W mediach oraz wypowiedziach niektórych polityków PiS pojawiają się informacje o rychłej likwidacji Inspekcji Transportu Drogowego. Już się pan pakuje?
Jestem przekonany, że istniejąca od ponad 14 lat Inspekcja jest formacją potrzebną i powinna pozostać w strukturach Ministerstwa Infrastruktury i Budownictwa. Nie wyobrażam sobie jej likwidacji. Podobnego zdania jest szef resortu minister Andrzej Adamczyk. Po powołaniu mnie na stanowisko pełniącego obowiązki głównego inspektora transportu drogowego w GITD w trybie pilnym powstał projekt ustawy o Inspekcji Transportu Drogowego, który zyskał akceptację ministra Adamczyka. Rozwiązania wpisane w projekt umożliwiają skuteczniejszą działalność naszej formacji. Chcemy prowadzić kontrole tak, by coraz skuteczniej chronić naszą rodzimą branżę transportową. Zwiększyliśmy już liczbę kontroli przewoźników zagranicznych, gdyż było ich wcześniej zbyt mało.
Nie chcecie więc uderzać w polskich przewoźników?

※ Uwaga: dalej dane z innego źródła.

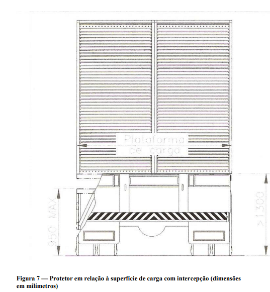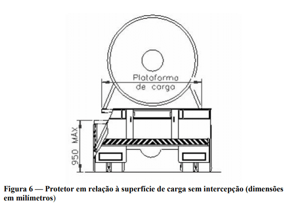 3.8.1 Quando o plano vertical tangente à superfície externa do protetor lateral não interceptar a estrutura do veículo, a borda superior deve estar ao nível da superfície de carga ou a 950 mm de altura em relação ao solo, prevalecendo a dimensão menor, medido com o veículo com sua massa em ordem de marcha (ver Figura 6).

Oczywiście. Celem Inspekcji jest wspieranie polskich przewoźników drogowych, którzy uczciwie działają na naszym rynku. Nie powinniśmy zapominać, że nasi przewoźnicy generują ok. 10 proc. PKB. Potrzebujemy więc profesjonalnego nadzoru nad przestrzeganiem uczciwej konkurencji w tej branży. Statystyki nie kłamią — od stycznia 2016 r. wzrósł udział kontroli przewoźników zagranicznych, stanowią one 45 proc. wszystkich kontroli, podczas gdy w latach ubiegłych sprawdzano znacznie więcej polskich przewoźników. W ubiegłym roku wskaźnik ten wynosił aż 67 proc. Obecne kierownictwo Głównego Inspektoratu Transportu Drogowego dąży do zwiększenia kontroli zagranicznych przewoźników do poziomu 50 proc., tak aby było sprawiedliwiej. Nowy projekt ustawy przeszedł konsultacje wewnątrzresortowe i został przekazany z wnioskiem o wpisanie do wykazu prac legislacyjnych Rady Ministrów. Zakładamy także zmiany w formule naszej służby. Obecnie inspektorzy, będąc członkami służby cywilnej, nie mogą systematycznie pracować w weekendy, w święta czy w nocy. Oczywiście organizujemy pracę w ramach nagłych potrzeb, jednak patroli nocnych jest dużo mniej niż w ciągu dnia, a to skrzętnie wykorzystują nieuczciwi przewoźnicy. Jeśli przekształcimy się w służbę mundurową, tych problemów nie będzie.
Kolejna służba mundurowa? Mamy już ich w Polsce wystarczająco dużo.
Nasze propozycje są zbieżne z oczekiwaniami branży transportowej. Systematyczny nocny nadzór znacznie ograniczyłyby skalę szarej strefy wśród przewoźników zagranicznych. Uszczelnienie systemu to podstawa bezpieczeństwa polskiego transportu. Ważna jest też kwestia szczelności tzw. myta, czyli opłat za przejazd po drogach płatnych. Niestety, mamy zbyt mało inspektorów, by system ten był w 100 proc. szczelny. Zwiększenie liczby inspektorów na pewno przełożyłoby się na zwiększenie przychodów do Krajowego Funduszu Drogowego. Im szczelniejszy system kontroli, tym większa liczba przewoźników zagranicznych będzie wnosiła opłaty za przejazd po drogach płatnych. Zagraniczni przewoźnicy muszą zrozumieć, że państwa polskiego nie opłaca się oszukiwać.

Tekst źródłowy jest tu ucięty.